Dreyfus François-Georges

Source :La Nef n°214 d'Avril 2010
Au Moyen-Orient, pendant longtemps le leadership a été entre les mains de l’Égypte. Le sous-développement et les difficultés intérieures égyptiennes laissent à la Turquie une place de choix. Il est vrai qu’elle est au contact direct de l’Europe, à quelques centaines de kilomètres de la Russie et de l’Ukraine, frontalière de l’Iran, de l’Irak et de la Syrie. Elle est donc bien placée pour jouer au Moyen-Orient un rôle déterminant. Cette place a été longtemps délicate à tenir. La Turquie, peuplée de Turcs, c’est-à-dire de populations venant d’Asie Centrale, est l’héritière de l’Empire ottoman qui, du XIIe au XVIIIe siècle, a joué au Moyen-Orient, comme en Europe orientale un rôle déterminant. Autour de 1550, Algérie, Tunisie, Libye, Égypte, Palestine, les rives de la Mer rouge avec La Mecque et Médine, l’Irak et la Syrie sont turcs.

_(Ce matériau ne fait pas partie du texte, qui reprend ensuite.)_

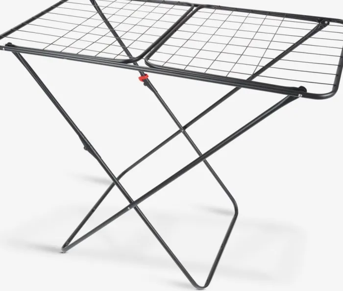 Tørrestativ med 18 meter tørreplads, der kan rumme 1-2 maskinfulde vasketøj. Grå stålramme med vinger, der kan klappes ud og dermed giver plads til længere stykker vasketøj. Dens X-formede ben har en sikkerhedslåsemekanisme for bedre stabilitet. Den smalle bredde gør, at den nemt passer gennem døre. Kan klappes sammen for nem opbevaring. B55 x L171 x H89/99 cm
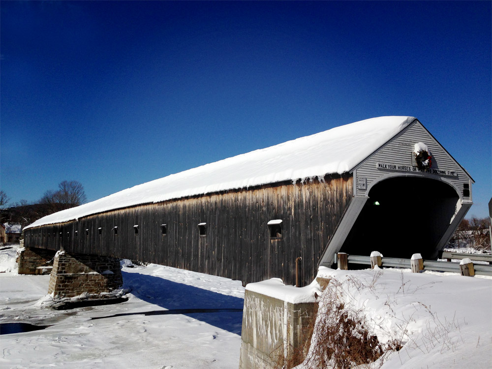 I spent a night over the weekend in Windsor, Vermont at an intimate and cozy bed and breakfast called the Snapdragon Inn (hey Chris and McKay and Michelle!) and then spent an afternoon driving around seeing what the countryside had to offer under three feet of snow. Very nearby is the Cornish–Windsor Covered Bridge, a little piece of American history. I braved the cold for a few minutes outside of the car to grab a few photos and then got right back inside and cursed under my breath for several minutes. Good god, the cold is a different cold in New England. No matter how prepared I think I am I am desperately unprepared. Why didn’t our forefathers just keep going until they hit Southern California and go, “Okay, finally. HERE. We’ll colonize here.”

Au-delà du Bosphore, la Turquie s’étend jusqu’au Danube, occupe la Hongrie et menace Vienne. De surcroît, si elle est en conflit avec presque tous les États catholiques, elle est l’alliée du plus puissant d’entre eux, le Royaume de France.
Cet empire commence à décliner au début du XVIIIe siècle, mais le déclin est lent. En 1910, on l’oublie un peu trop, une grande partie de la péninsule balkanique (Albanie, Macédoine avec Salonique, Thrace et Bulgarie du Sud) appartient encore à l’Empire turc. En Afrique, Libye et Égypte sont turques, même si l’Égypte est placée sous protectorat anglais. Quant au Moyen-Orient, il est intégralement turc et, on l’oublie aussi, le nationalisme arabe s’est constitué d’abord contre la prégnance turque. Après la Grande Guerre, il ne reste de l’Empire que la Turquie d’aujourd’hui. Les territoires européens se sont libérés du joug ottoman, le reste de l’Empire a été partagé entre la Grande-Bretagne, la France et l’Italie. La péninsule anatolienne, la Turquie d’aujourd’hui, aurait dû être partagée entre l’Italie, la Grèce et la France, mais les armées turques sous le commandement de Mustapha Kémal vont maintenir ce qui est aujourd’hui encore la Turquie. Mustapha Kémal, devenu Atatürk, va tenter de moderniser le pays.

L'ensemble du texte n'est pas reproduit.